Mockingbirds Can Learn Hundreds of Songs, But There’s a Limit
By Mary-Russell Roberson
From the Spring 2016 issue of Living Bird magazine.
April 12, 2016The Northern Mockingbirds that live on the campus of North Carolina’s Elon University might not know it, but they are a well-studied bunch. While the birds go about their business—singing, pairing up, fighting, and raising young—biology professor Dave Gammon and his students go about theirs, recording and analyzing the songs of these vocal virtuosos.
Mockingbirds sing a lot. Both females and males sing, and they can be heard any month of the year and any time of the day—and even at night.
Their singing is not only voluminous but also diverse. Mockingbirds string together series of repeated phrases, some of which are imitations of other bird species. A male may have several hundred phrases in his repertoire, although some will be in much heavier rotation than others. A typical song is about equally divided between mimicked phrases and mockingbird-specific vocalizations.
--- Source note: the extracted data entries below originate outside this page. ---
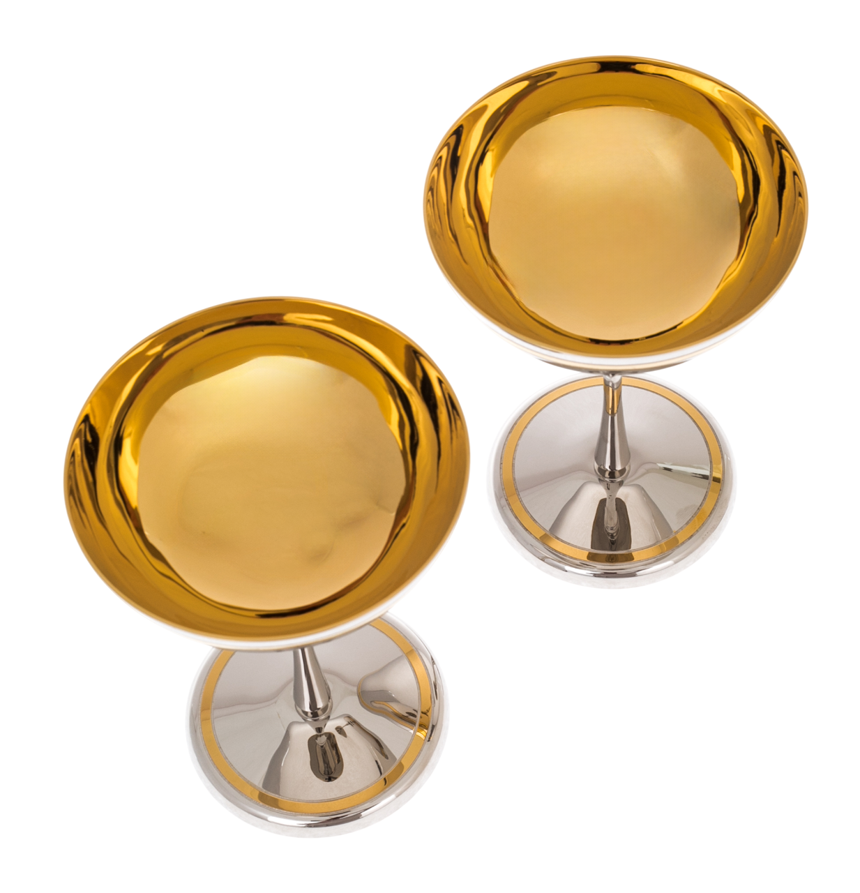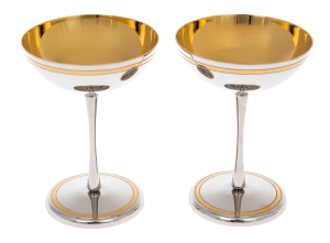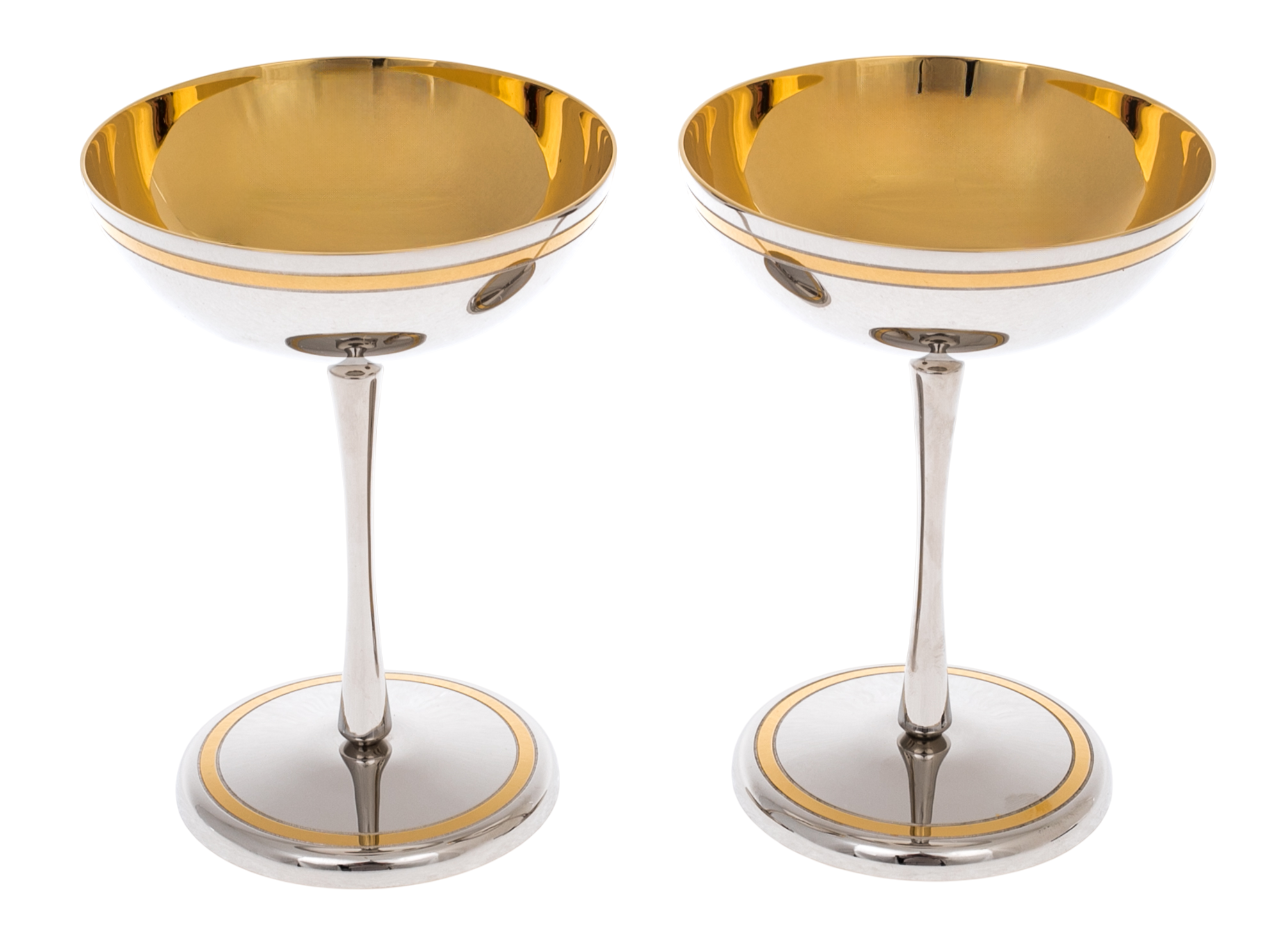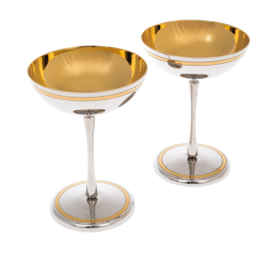 Конструкция креманок продумана до мельчайших нюансов: широкая чаша позволила придать десертам выразительный объём, а плавно сужающаяся ножка обеспечивает визуальную гармонию и удобство в использовании. Основание, оформленное тонким золотым кольцом, добавляет композиции завершённость и делает силуэт особенно утончённым. Контраст двух металлов работает как изящный художественный приём, создавая эффект двойной глубины и подчёркивая ручную работу мастеров, создающих предметы, ориентированные на взысканных коллекционеров и эстетов.
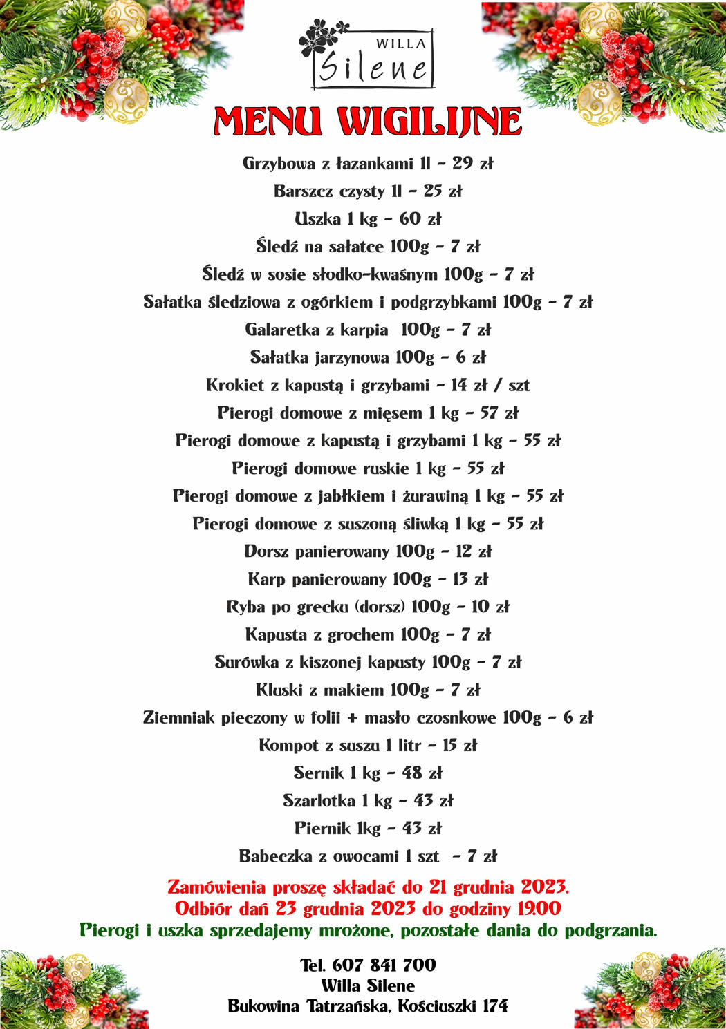 W restauracji zlokalizowanej w Willi Silene w Bukowinie Tatrzańskiej  skosztują Państwo zarówno tradycyjnych potraw regionalnych, jak i najlepszych dań kuchni polskiej. Wszystkie posiłki przygotowywane są domowymi sposobami,
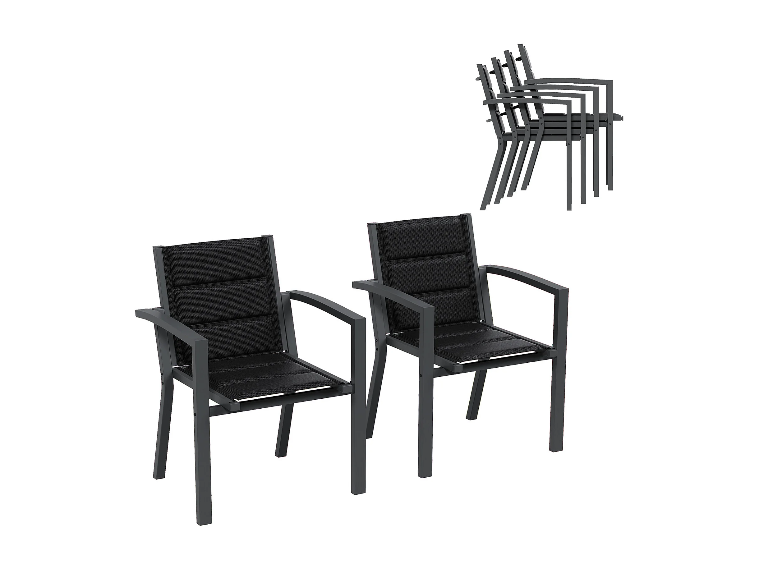 Chaises de Jardin - Lot de 2 Empilables en Aluminium, Dossier Haut avec Accoudoirs Imitation Bois, Tissu Tessilium Confortable, Gris foncé
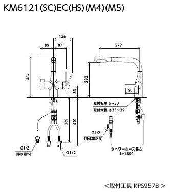 KM6121SCECHS|KVK|キッチン用蛇口[台][シングルレバー混合水栓][浄水器付][スパウト277mm][一般地]|リフォームネクスト
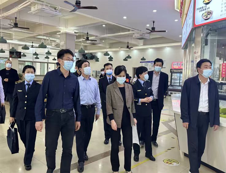 本网讯 11月10日,合肥市政府副市长赵明带队到我校南校区督查食堂安全管理体系、常态化疫情防控、应急处置等工作,市场监督管理局主要负责同志、相关处室负责人及经开区市场局负责人等陪同。校党委常委、副校长张亚新现场接待赵明,国资处、保卫处、后勤服务集团等部门负责人陪同。
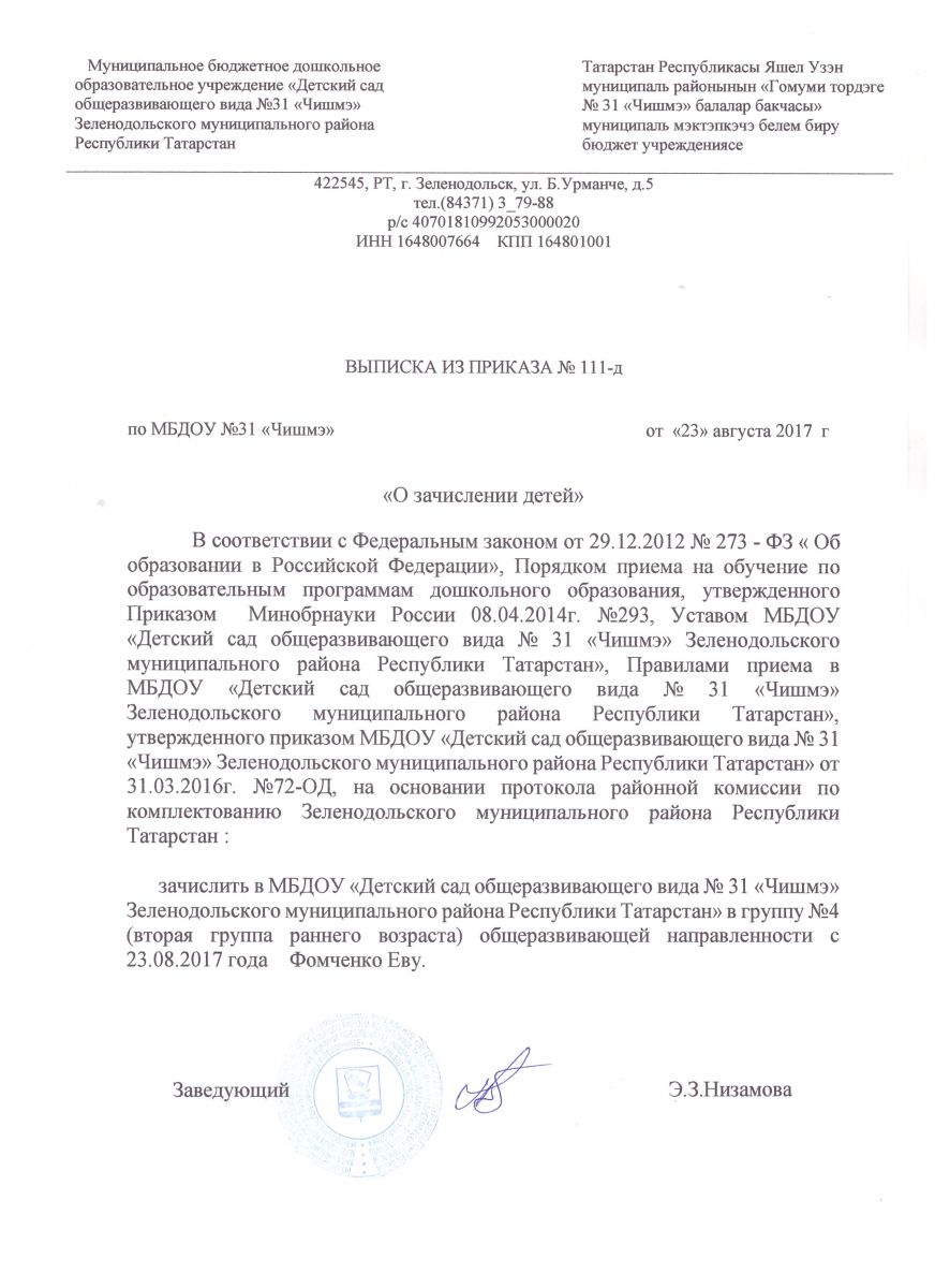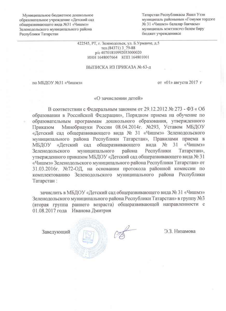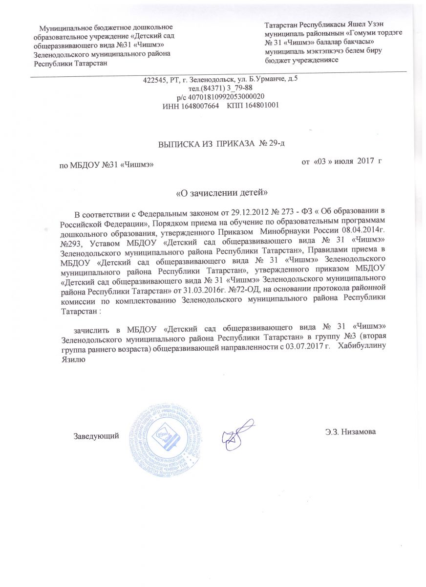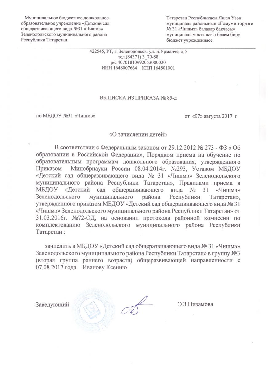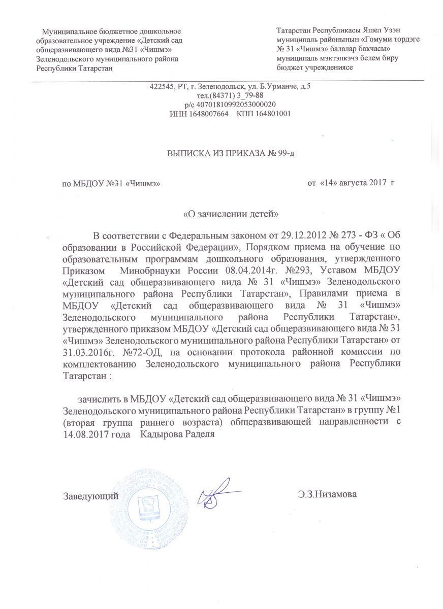 Выписка из приказа о зачислении Сафиуллиной Дили

Although most bird species only learn songs during a critical period in their youth, mockingbirds have long been considered open-ended learners—meaning that they learn new songs throughout their adulthood. Parrots and European Starlings are examples of open-ended learners. However, Gammon’s research has cast doubt on this long-held assumption about mockingbirds, surprising even himself.
Gammon began studying mockingbirds in 2006 after joining the biology department at Elon University in central North Carolina. As a biologist, he was drawn to bird song because he had a good ear (he minored in music in college) and liked being outdoors. He’s always enjoyed imitating other people’s voices and mannerisms. “Studying mimicry was a natural fit,” he said.
One of the first questions he tackled was why mockingbirds mimic some species but not others. Gammon analyzed his recordings of campus mockingbirds and found that they most often mimicked the Carolina Wren, Tufted Titmouse, Blue Jay, Northern Cardinal, and Eastern Bluebird. Never-mimicked species included the Mourning Dove and Chipping Sparrow.
He tested several hypotheses and found that mockingbirds mimic birds whose songs are similar in pitch and rhythm to their own vocalizations. “When a Tufted Titmouse sings, it already sounds similar to something a mockingbird would sing,” Gammon said. The Mourning Dove is too low and slow, and the Chipping Sparrow is too high and fast.
As a follow-up, he designed an innovative experiment: for six months, he broadcast eight novel songs from four outdoor speakers on campus for two hours a day. Half were recordings of birds that don’t live in North Carolina and half were computer generated. More importantly, two of the exotic bird songs and two of the computer-generated songs were similar in pitch and rhythm to mockingbird-specific vocalizations. Gammon expected that the campus mockingbirds would imitate the real and computer-generated songs similar to theirs, but not the ones that were dissimilar.
In fact, they didn’t imitate any of the songs. Gammon combed through hours of recordings from 15 adult banded mockingbirds from that year and several years afterward and found not a single imitation of any of the new songs. “I simulated a six-month invasion of eight new species and none of their songs were picked up by the mockingbirds,” Gammon said. “I was quite convinced they would pick up something, and the fact that they didn’t was shocking.” (However, on two occasions he did hear a Brown Thrasher of unknown age mimicking one of the new songs.)
Looking at his results, Gammon began to wonder whether mockingbirds are truly open-ended learners.
He delved deeper into the question by analyzing recordings he collected of 15 banded adult males over several years. He compared the recordings of older birds to those of their younger selves to see whether older birds sang a greater variety of mimicked phrases. If so, it would provide a clue that they learn new songs throughout adulthood. His results showed no difference on average in the birds’ mimetic repertoire as they aged.
“I’ve found no solid evidence that mockingbirds are truly open-ended,” he said. “Perhaps open-ended song learning is rarer than we thought.”
Eliot Brenowitz, a professor in the Department of Biology and Psychology at the University of Washington, who was not involved in the study, called Gammon’s loudspeaker study interesting, but said he would be cautious in drawing conclusions. “A negative result is challenging to interpret,” he said. “Playing songs over speakers may not pass some motivational threshold for a bird to copy.”
What does motivate mockingbirds? Gammon would love to know. He’d also like to know why mockingbirds mimic in the first place. Do females prefer males that have a larger repertoire of mimicked phrases—and if so, why? And how do young mockingbirds learn mimicked phrases—from adult mockingbirds or directly from the mimicked species?
Gammon knows that the answers to these questions won’t come easily. “I envy those social scientists,” he said. “They can say to their subjects, ‘Write your name here and answer my questions. Oh, and write your answers in English.’”
In the absence of such a questionnaire, Gammon will continue to interview mockingbirds the only way he can: by waking up early, swatting at mosquitoes, and recording them as they sing…and sing…and sing.